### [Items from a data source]
.....
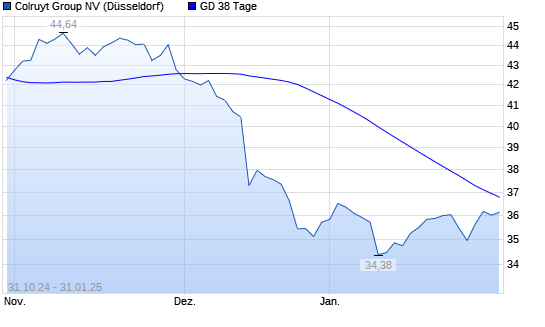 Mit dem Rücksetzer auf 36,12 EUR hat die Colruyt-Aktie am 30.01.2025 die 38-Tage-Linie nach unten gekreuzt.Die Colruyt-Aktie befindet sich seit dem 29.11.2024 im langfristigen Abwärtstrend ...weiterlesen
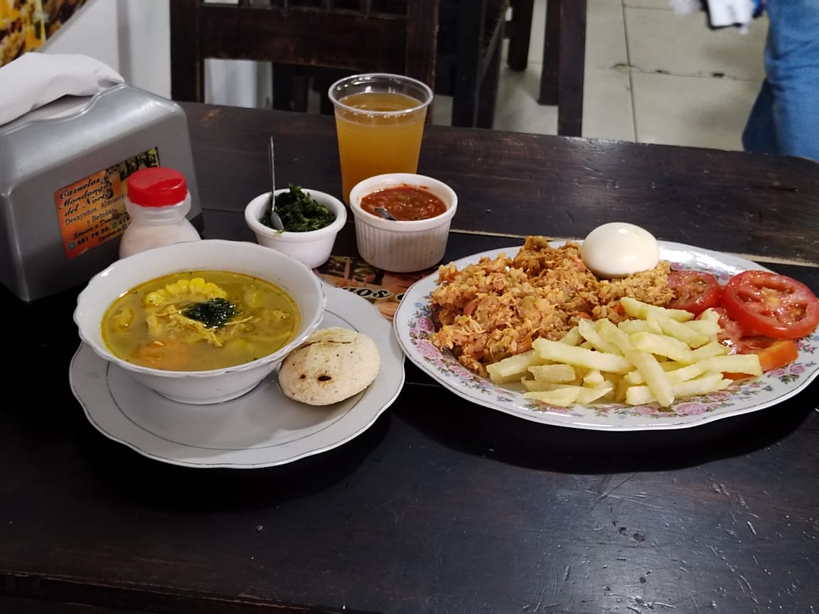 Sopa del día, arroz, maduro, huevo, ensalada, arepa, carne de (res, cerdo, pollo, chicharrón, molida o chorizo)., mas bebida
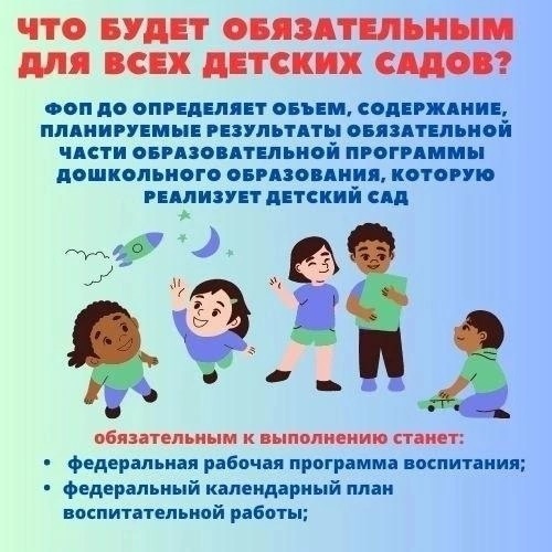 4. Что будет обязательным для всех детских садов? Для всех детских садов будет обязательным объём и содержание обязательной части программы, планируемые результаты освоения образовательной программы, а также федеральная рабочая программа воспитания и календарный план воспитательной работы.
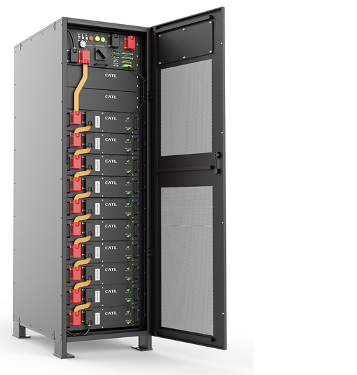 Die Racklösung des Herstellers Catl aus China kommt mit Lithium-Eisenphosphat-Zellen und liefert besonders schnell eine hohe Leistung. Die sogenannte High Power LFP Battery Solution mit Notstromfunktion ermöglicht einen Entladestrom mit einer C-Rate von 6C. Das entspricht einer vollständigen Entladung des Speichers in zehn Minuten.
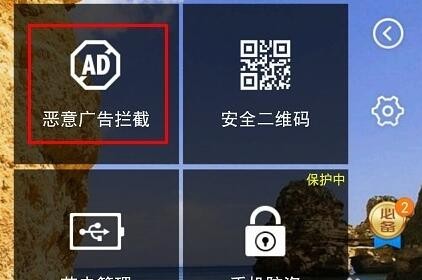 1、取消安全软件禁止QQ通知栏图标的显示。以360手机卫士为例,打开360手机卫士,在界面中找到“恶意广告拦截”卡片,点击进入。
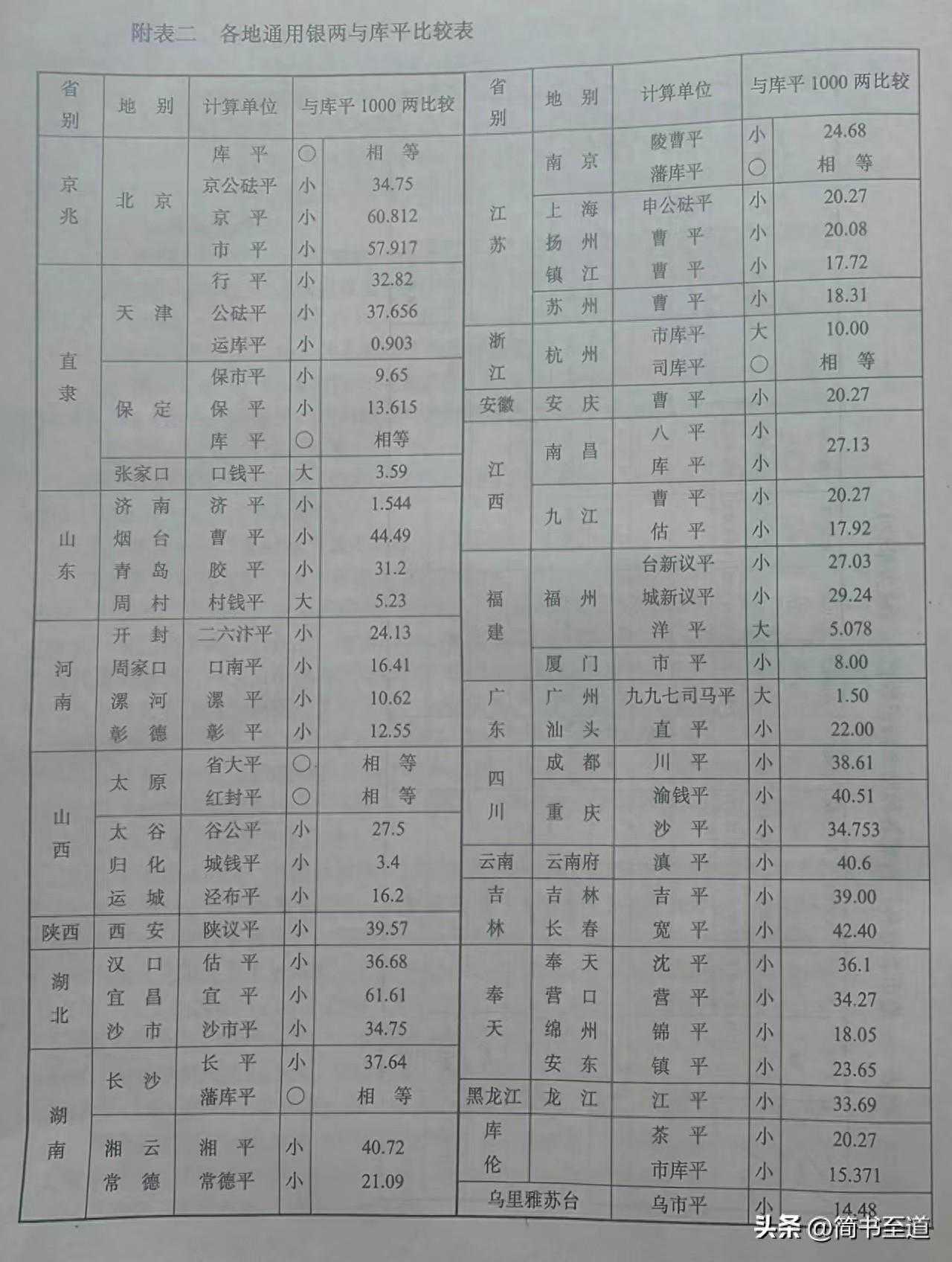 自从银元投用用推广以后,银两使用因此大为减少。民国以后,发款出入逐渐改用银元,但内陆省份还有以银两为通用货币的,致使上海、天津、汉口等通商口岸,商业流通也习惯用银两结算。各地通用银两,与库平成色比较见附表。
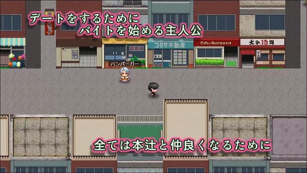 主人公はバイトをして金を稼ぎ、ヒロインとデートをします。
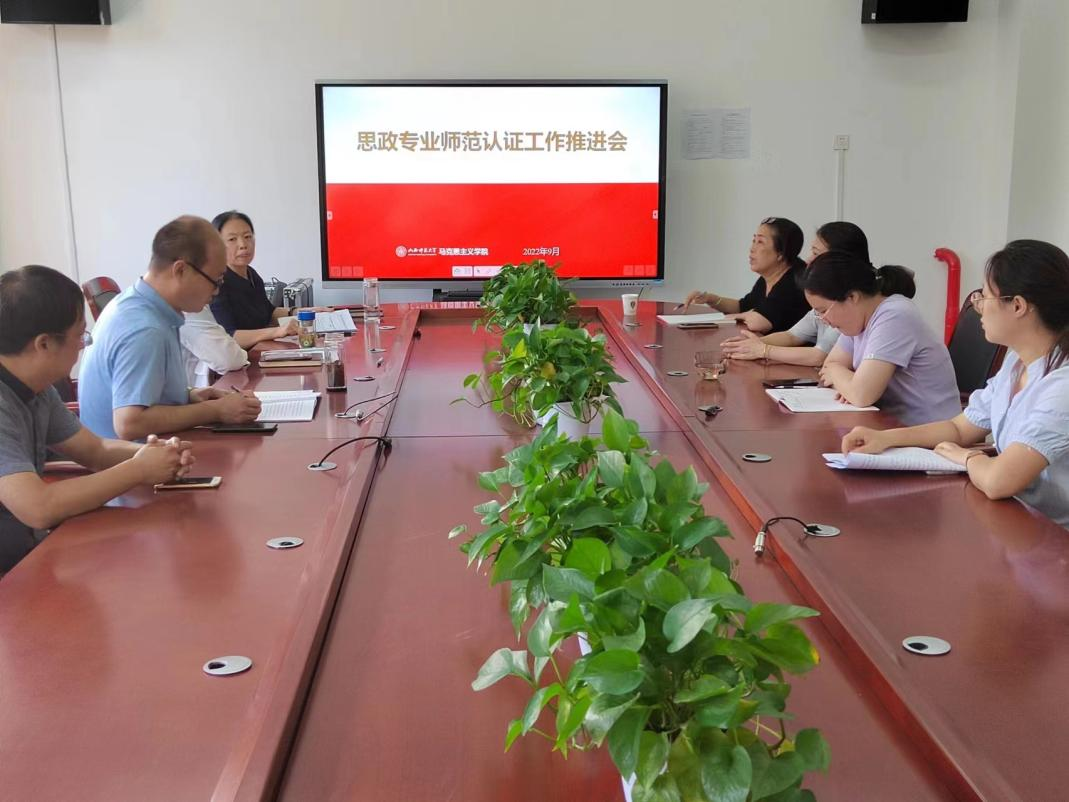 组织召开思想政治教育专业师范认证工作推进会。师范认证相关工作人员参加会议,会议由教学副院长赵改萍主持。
.....
Restate the lines of the records exactly, starting at the first and stopping after the line with "Die Racklösung des". Leave out any picture.

### [SOLUTION TO THE PROBLEM]
 Mit dem Rücksetzer auf 36,12 EUR hat die Colruyt-Aktie am 30.01.2025 die 38-Tage-Linie nach unten gekreuzt.Die Colruyt-Aktie befindet sich seit dem 29.11.2024 im langfristigen Abwärtstrend ...weiterlesen
 Sopa del día, arroz, maduro, huevo, ensalada, arepa, carne de (res, cerdo, pollo, chicharrón, molida o chorizo)., mas bebida
 4. Что будет обязательным для всех детских садов? Для всех детских садов будет обязательным объём и содержание обязательной части программы, планируемые результаты освоения образовательной программы, а также федеральная рабочая программа воспитания и календарный план воспитательной работы.
 Die Racklösung des Herstellers Catl aus China kommt mit Lithium-Eisenphosphat-Zellen und liefert besonders schnell eine hohe Leistung. Die sogenannte High Power LFP Battery Solution mit Notstromfunktion ermöglicht einen Entladestrom mit einer C-Rate von 6C. Das entspricht einer vollständigen Entladung des Speichers in zehn Minuten.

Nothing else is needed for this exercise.